The changes in evoked potentials following median and tibial nerve stimulation in nine patients with clinically defined Friedreich's ataxia are reported and discussed. The response originating in the brachial plexus (Erb's point potential) was absent or reduced in amplitude with no prolongation of peak latency, and the response generated in the cauda equina (N18) was absent in all cases. Conduction time from the brachial plexus to cervical spine and medulla oblongata was normal, whereas the central conduction time (N13a/N20, N13b/N20) was delayed. There was moderate to marked attenuation of the primary cortical response to median nerve stimulation. In one patient N20 disappeared during the course of the disease as opposed to the persisting subsequent negative wave, the latter thus simulating a very marked delay in the primary cortical response. Accordingly the cortical response to tibial nerve stimulation, which was only present in two patients and was markedly delayed, might represent a later potential with the primary response absent. The findings are consistent with neuropathological descriptions of a dying back neuropathy with primary axonal degeneration concerning the 1st order sensory neuron. In addition there is evidence either of delayed conduction in 2nd and 3rd order sensory neurones or of abnormal synaptic transmission.
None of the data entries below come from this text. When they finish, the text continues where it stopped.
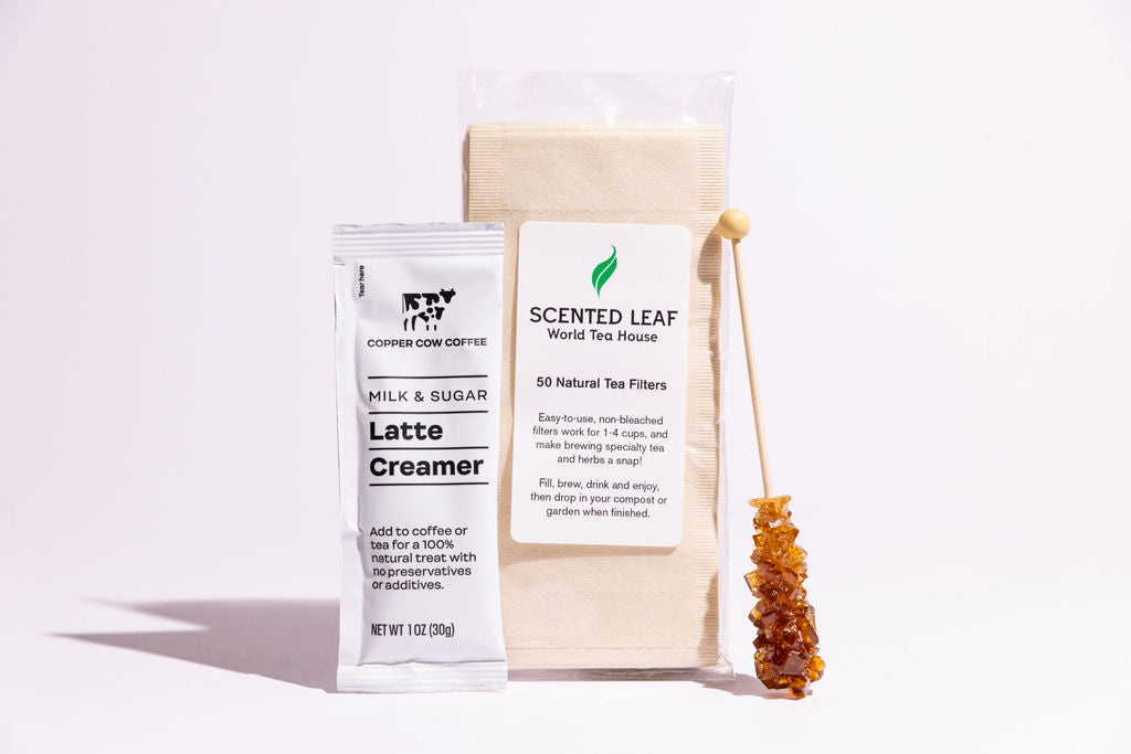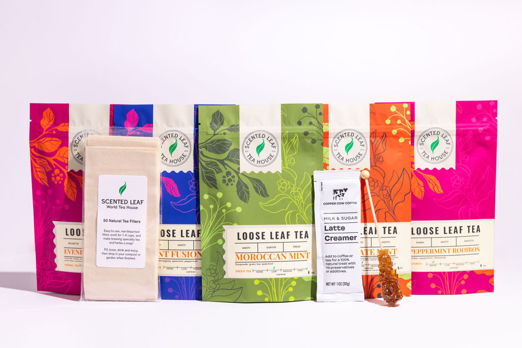 This Tea sampler contains five 1 oz bags of “minty” loose leaf tea, a 50-pack of natural filters, and some other goodies to get you started.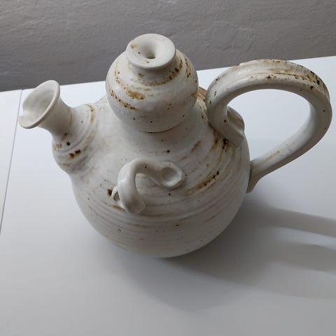 Fin hvid tekande fra Aluminiaingen skår men lidt krakelering i glasur nederst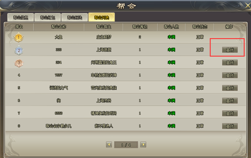帮主或副帮主可在帮会列表中选择其他帮会进行宣战,宣战持续24小时,在此期间双方帮会成员PK不增加PK值,不掉落幸运值。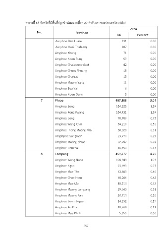 ตารางที่ 68 จังหวัดที่มีพื้นที่ปลูกขDาวโพดมากที่สุด 20 ลำดับแรกของประเทศไทย (ตIอ)
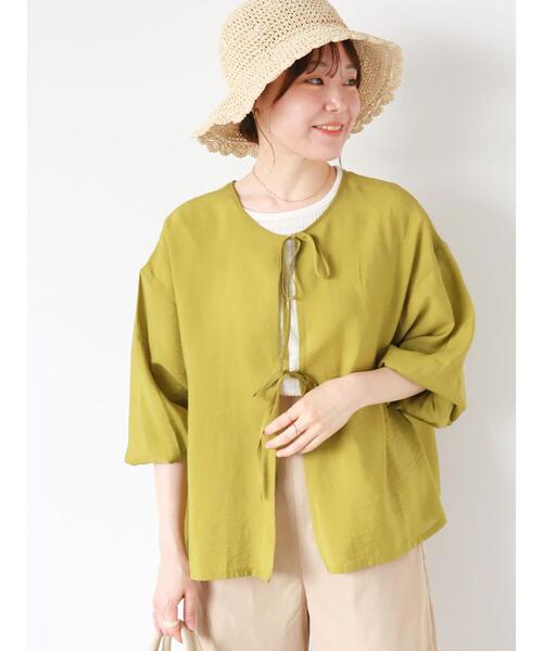 連ねたリボンがアクセントになったブラウス。前後どちらでも着用が楽しめる2WAY仕様で、スタイリングの幅も広がります。袖口ギャザーのボリューム袖も愛らしさを演出。独特なシワ感のある素材使いで、爽やかな風合いに仕上げました。 ※商品画像は、撮影環境やお客様のご利用のPC・スマートフォンのモニター環境などにより実物と色味に差異がある場合がございます。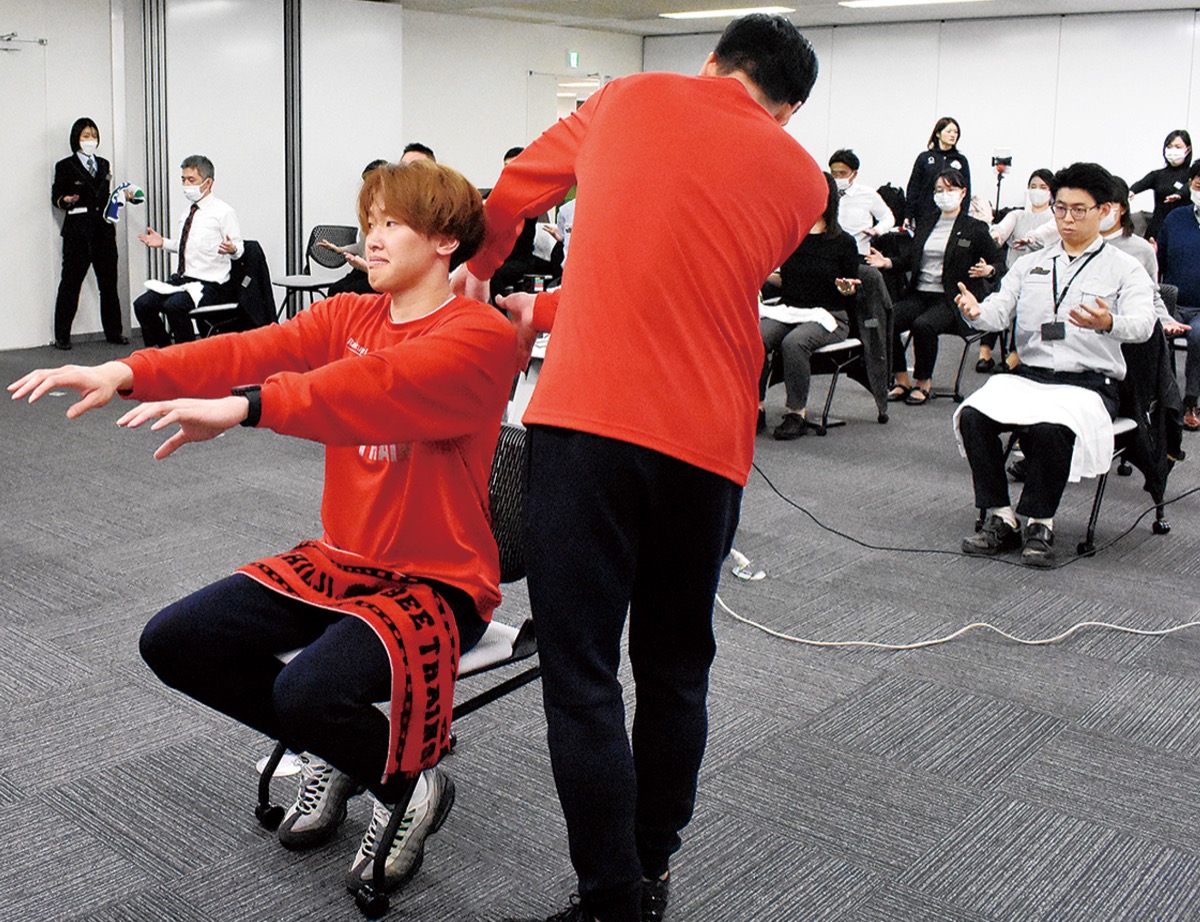 この企画は同社が取り組む健康経営促進の一環として、ビートレインズに依頼し初めて行われた。当日は会議室に約40人が集まったほか、オンラインで社内配信も行われ多くの人が参加。椅子に座りながら両肘を合わせたり足を伸ばしたり、スポーツタオルを利用して肩甲骨を動かしたりして、身体の各部位を伸ばした。
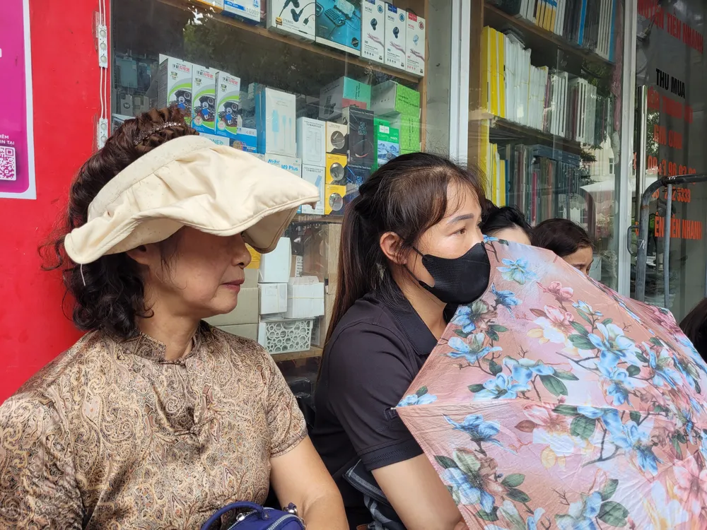 Bà Hoàng Thị Thanh và nhiều người dân chờ xuyên trưa để được viếng Tổng Bí thư

报告并讨论了9例临床确诊为弗里德赖希共济失调患者在正中神经和胫神经刺激后诱发电位的变化。起源于臂丛神经的反应(厄布点电位)缺失或波幅降低,峰潜伏期无延长,且在所有病例中马尾神经产生的反应(N18)均缺失。从臂丛神经到颈椎和延髓的传导时间正常,而中枢传导时间(N13a/N20、N13b/N20)延迟。对正中神经刺激的初级皮质反应有中度至明显衰减。在1例患者中,疾病过程中N20消失,而随后的负波持续存在,因此后者模拟了初级皮质反应的非常明显延迟。相应地,对胫神经刺激的皮质反应仅在2例患者中出现且明显延迟,可能代表初级反应缺失的较晚电位。这些发现与关于一级感觉神经元原发性轴突变性的逆行性神经病的神经病理学描述一致。此外,有证据表明二级和三级感觉神经元传导延迟或突触传递异常。